Peringati Hari PETA, FAI UNU Blitar Ziarahi Makam Guru Spiritual Supriyadi
Pada hari Kamis (16/2/2023) keluarga besar Fakultas Agama Islam Universitas Nahdlatul Ulama (UNU) Blitar berziarah ke makam Mbah Kiai Alif Ahmad Hasan (Eyang Bendo) yang merupakan guru spiritual Supriyadi. Tak asing bagi telinga warga Blitar bahwa Supriyadi merupakan pahlawan nasional Indonesia yang pernah memimpin perlawanan PETA pada tanggal 14 Februari 1945 dengan jalan kaki mulai Pantai Serang, Gunung Gedang, dan rute lainnya. Perlawanan tersebut dia lakukan sebab tidak tahan dengan kekejaman penjajah Jepang pada rakyat Indonesia. Oleh karena hal tersebut, maka ziarah ini dalam rangka untuk memperingati Hari Pembela Tanah Air (PETA) yang diperingati setiap tanggal 14 Februari,
Dr. Arif Muzayin Shofwan menyatakan bahwa jika kawan-kawan SATKORCAB BANSER Kabupaten Blitar pada hari Rabu 15 Februari 2023 kemarin melakukan napak tilas perjuangan Supriyadi berjalan kaki (45 KM) dengan start monumen Supriyadi Kota Blitar dan finish Gunung Gedang. Begitu pula, jika pada hari Senin 13 Februari 2023 sebanyak duaratus warga Pantai Serang Blitar Selatan napak tilas perjuangan Supriyadi berjalan kaki (35 KM) dengan start kawasan Pantai Serang dan finish monumen Supriyadi Kota Blitar.
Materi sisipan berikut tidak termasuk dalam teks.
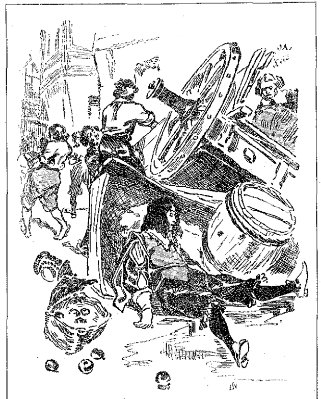
«Ἡ προστάτριά του τὸν ἀφινεν εἰς τὸν δρόμον.» (Σ. 368, στ. 6')

μᾶς ὑπηρετήσατε μὲ πίστιν καὶ μ' ἐν- φύαν· εἰμεθα διὰ τοῦτο πρόθυμοι νὰ σᾶς ἀνταμειψώμεν. Ἡ Ἀντιβασίλισσα, χωρὶς νὰ λέγῃ τίποτε, ἐμειδία εὐμενῶς βλέπουσα τὸν Λούλλην, καὶ ἐφαίνετο ὡς νὰ τὸν ἐνε- θάρρυνε νὰ ὀμιλήσῃ. Ὁ μικρὸς μουσικὸς τὸ ἀπεφάσισε. Διηγήθη τὰς φοβεράς περιπετείας τῆς ἡμέρας ἐκείνης, ἐξηγήσας πῶς εὐρέθη ἑξαφνα μόνος, χωρὶς ἄσυλον, χωρὶς προστασίαν, ἀφού ὁ δοῦξ Γκιζης τὸν ἐπῆρεν ἀπὸ τὴν πατρίδα του διὰ νὰ τὸν σκουδάσῃ καὶ τὸν ἐγκατέλειπεν ἔπειτα εἰς τὸ ἔλεος τῆς Μεγάλης Δεσποινίδος. Ὁ Βασιλεὺς συνωφρῶθη. — Ἦσθε εἰς τὴν ὑπηρεσίαν αὐτῆς τῆς τρελλῆς; ἠρώτησε· καὶ τί ἐκάμνατε λοιπὸν εἰς τῆς ἐξαδέλφης μου; — Ἦμουν μουσικὸς, Μεγαλειότητε!
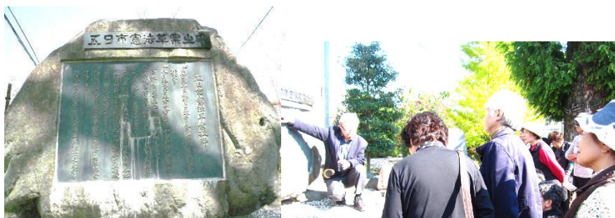
五日市憲法の記念碑前で説明を聞く

Maka, kami keluarga besar Fakultas Agama Islam UNU Blitar napak tilas Supriyadi dengan berziarah ke makam gurunya yang bernama Mbah Kiai Alif Ahmad Hasan (Eyang Bendo), beliau inilah tempat curhat Supriyadi ketika melakukan perjuangan.
“Mbah Kiai Alif Ahmad Hasan (Eyang Bendo) merupakan guru spiritual Supriyadi dan salah satu putra dari Eyang Harjo Sentiko yang makamnya satu lokasi dengan Mbah Kiai Hasan Syuhadak dan Mbah Kiai Imam Mustari di Pemakaman Khusus Keluarga yang berada di Tanjungsari Kota Blitar. Dua tokoh tersebut merupakan putra dari Mbah Kiai Raden Muhammad Qasim (Eyang Kasiman) yang menjabat penghulu pertama Kabupaten Blitar tahun 1774 s/d 1820. Jadi, Mbah Kiai Alif Ahmad Hasan yang menjadi guru spiritual Supriyadi ini masih ada hubungan kerabat dengan kedua tokoh tersebut”, ungkap Dr. Arif Muzayin Shofwan selaku Dekan Fakultas Agama Islam UNU Blitar saat menceritakan tentang Mbah Kiai Alif usai berziarah.
Sementara itu, Moh. Mirwan Hariri, M.I.Kom, selaku Ketua Program Studi Komunikasi Penyiaran Islam FAI UNU Blitar yang juga ikut berziarah menyatakan bahwa berziarah ke makam para nabi, wali, ulama, tokoh pejuang, dan lainnya merupakan ajaran ahlussunnah wal jamaah an-nahdliyah. Dengan berziarah ke makam ulama atau tokoh pejuang misalnya, penziarah bisa mendoakan kebaikan dan memintakan ampunan kepada mereka. Setelah itu, penziarah bisa tafakur mengambil inspirasi dari perjuangan dan khidmah mereka terhadap agama, nusa, dan bangsa. Inilah makna sejati dalam berziarah kepada tokoh yang memang bisa menginspirasi perjuangan.